* **RECORD EXTRACTS**:

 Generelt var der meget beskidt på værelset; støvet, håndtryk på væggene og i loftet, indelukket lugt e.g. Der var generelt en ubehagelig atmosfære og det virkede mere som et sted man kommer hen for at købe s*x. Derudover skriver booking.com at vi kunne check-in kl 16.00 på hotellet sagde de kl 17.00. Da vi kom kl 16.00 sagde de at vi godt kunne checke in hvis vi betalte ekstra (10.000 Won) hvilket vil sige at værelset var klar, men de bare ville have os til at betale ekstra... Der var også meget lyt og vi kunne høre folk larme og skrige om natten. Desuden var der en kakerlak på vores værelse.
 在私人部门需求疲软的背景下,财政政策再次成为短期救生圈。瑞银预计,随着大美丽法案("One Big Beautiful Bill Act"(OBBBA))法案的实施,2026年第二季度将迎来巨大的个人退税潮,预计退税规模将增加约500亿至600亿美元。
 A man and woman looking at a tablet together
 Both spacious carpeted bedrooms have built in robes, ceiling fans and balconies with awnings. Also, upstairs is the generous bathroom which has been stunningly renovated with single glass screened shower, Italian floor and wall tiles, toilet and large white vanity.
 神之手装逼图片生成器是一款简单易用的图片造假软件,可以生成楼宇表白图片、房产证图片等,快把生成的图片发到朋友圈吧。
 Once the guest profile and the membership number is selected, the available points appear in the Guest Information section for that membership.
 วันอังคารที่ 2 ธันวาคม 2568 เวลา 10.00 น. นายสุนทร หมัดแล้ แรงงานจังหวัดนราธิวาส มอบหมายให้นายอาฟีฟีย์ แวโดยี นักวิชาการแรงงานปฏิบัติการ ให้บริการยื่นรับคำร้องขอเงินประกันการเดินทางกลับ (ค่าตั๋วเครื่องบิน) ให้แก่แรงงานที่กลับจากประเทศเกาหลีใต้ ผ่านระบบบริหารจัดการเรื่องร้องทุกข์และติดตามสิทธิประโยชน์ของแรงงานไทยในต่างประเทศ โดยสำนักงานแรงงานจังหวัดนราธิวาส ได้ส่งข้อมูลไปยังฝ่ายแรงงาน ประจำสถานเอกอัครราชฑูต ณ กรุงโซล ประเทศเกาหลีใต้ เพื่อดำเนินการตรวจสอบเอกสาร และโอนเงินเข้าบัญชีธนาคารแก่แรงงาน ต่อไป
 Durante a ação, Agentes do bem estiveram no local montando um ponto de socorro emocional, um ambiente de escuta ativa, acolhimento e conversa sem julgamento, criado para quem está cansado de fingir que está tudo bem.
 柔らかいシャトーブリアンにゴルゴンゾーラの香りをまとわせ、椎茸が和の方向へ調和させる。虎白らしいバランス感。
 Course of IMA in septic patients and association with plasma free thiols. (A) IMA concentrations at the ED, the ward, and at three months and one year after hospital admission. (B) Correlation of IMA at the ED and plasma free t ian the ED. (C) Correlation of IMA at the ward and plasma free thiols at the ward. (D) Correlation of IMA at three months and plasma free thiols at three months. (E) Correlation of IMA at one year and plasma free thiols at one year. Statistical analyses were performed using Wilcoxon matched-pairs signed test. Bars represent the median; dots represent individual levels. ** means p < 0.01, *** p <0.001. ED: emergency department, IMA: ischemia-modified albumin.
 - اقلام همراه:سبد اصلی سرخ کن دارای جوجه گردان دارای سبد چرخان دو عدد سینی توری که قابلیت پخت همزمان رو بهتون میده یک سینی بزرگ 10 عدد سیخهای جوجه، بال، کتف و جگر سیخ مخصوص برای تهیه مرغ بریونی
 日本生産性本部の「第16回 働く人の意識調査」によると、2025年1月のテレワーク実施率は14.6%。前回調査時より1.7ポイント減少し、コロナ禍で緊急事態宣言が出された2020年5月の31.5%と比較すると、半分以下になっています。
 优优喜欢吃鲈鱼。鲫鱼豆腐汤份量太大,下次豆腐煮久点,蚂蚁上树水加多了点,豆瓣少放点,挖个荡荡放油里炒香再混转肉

* **WHAT YOU SHOULD DO**:
Transcribe the records exactly as given.

* **REPLY**:
 Generelt var der meget beskidt på værelset; støvet, håndtryk på væggene og i loftet, indelukket lugt e.g. Der var generelt en ubehagelig atmosfære og det virkede mere som et sted man kommer hen for at købe s*x. Derudover skriver booking.com at vi kunne check-in kl 16.00 på hotellet sagde de kl 17.00. Da vi kom kl 16.00 sagde de at vi godt kunne checke in hvis vi betalte ekstra (10.000 Won) hvilket vil sige at værelset var klar, men de bare ville have os til at betale ekstra... Der var også meget lyt og vi kunne høre folk larme og skrige om natten. Desuden var der en kakerlak på vores værelse.
 在私人部门需求疲软的背景下,财政政策再次成为短期救生圈。瑞银预计,随着大美丽法案("One Big Beautiful Bill Act"(OBBBA))法案的实施,2026年第二季度将迎来巨大的个人退税潮,预计退税规模将增加约500亿至600亿美元。
 A man and woman looking at a tablet together
 Both spacious carpeted bedrooms have built in robes, ceiling fans and balconies with awnings. Also, upstairs is the generous bathroom which has been stunningly renovated with single glass screened shower, Italian floor and wall tiles, toilet and large white vanity.
 神之手装逼图片生成器是一款简单易用的图片造假软件,可以生成楼宇表白图片、房产证图片等,快把生成的图片发到朋友圈吧。
 Once the guest profile and the membership number is selected, the available points appear in the Guest Information section for that membership.
 วันอังคารที่ 2 ธันวาคม 2568 เวลา 10.00 น. นายสุนทร หมัดแล้ แรงงานจังหวัดนราธิวาส มอบหมายให้นายอาฟีฟีย์ แวโดยี นักวิชาการแรงงานปฏิบัติการ ให้บริการยื่นรับคำร้องขอเงินประกันการเดินทางกลับ (ค่าตั๋วเครื่องบิน) ให้แก่แรงงานที่กลับจากประเทศเกาหลีใต้ ผ่านระบบบริหารจัดการเรื่องร้องทุกข์และติดตามสิทธิประโยชน์ของแรงงานไทยในต่างประเทศ โดยสำนักงานแรงงานจังหวัดนราธิวาส ได้ส่งข้อมูลไปยังฝ่ายแรงงาน ประจำสถานเอกอัครราชฑูต ณ กรุงโซล ประเทศเกาหลีใต้ เพื่อดำเนินการตรวจสอบเอกสาร และโอนเงินเข้าบัญชีธนาคารแก่แรงงาน ต่อไป
 Durante a ação, Agentes do bem estiveram no local montando um ponto de socorro emocional, um ambiente de escuta ativa, acolhimento e conversa sem julgamento, criado para quem está cansado de fingir que está tudo bem.
 柔らかいシャトーブリアンにゴルゴンゾーラの香りをまとわせ、椎茸が和の方向へ調和させる。虎白らしいバランス感。
 Course of IMA in septic patients and association with plasma free thiols. (A) IMA concentrations at the ED, the ward, and at three months and one year after hospital admission. (B) Correlation of IMA at the ED and plasma free t ian the ED. (C) Correlation of IMA at the ward and plasma free thiols at the ward. (D) Correlation of IMA at three months and plasma free thiols at three months. (E) Correlation of IMA at one year and plasma free thiols at one year. Statistical analyses were performed using Wilcoxon matched-pairs signed test. Bars represent the median; dots represent individual levels. ** means p < 0.01, *** p <0.001. ED: emergency department, IMA: ischemia-modified albumin.
 - اقلام همراه:سبد اصلی سرخ کن دارای جوجه گردان دارای سبد چرخان دو عدد سینی توری که قابلیت پخت همزمان رو بهتون میده یک سینی بزرگ 10 عدد سیخهای جوجه، بال، کتف و جگر سیخ مخصوص برای تهیه مرغ بریونی
 日本生産性本部の「第16回 働く人の意識調査」によると、2025年1月のテレワーク実施率は14.6%。前回調査時より1.7ポイント減少し、コロナ禍で緊急事態宣言が出された2020年5月の31.5%と比較すると、半分以下になっています。
 优优喜欢吃鲈鱼。鲫鱼豆腐汤份量太大,下次豆腐煮久点,蚂蚁上树水加多了点,豆瓣少放点,挖个荡荡放油里炒香再混转肉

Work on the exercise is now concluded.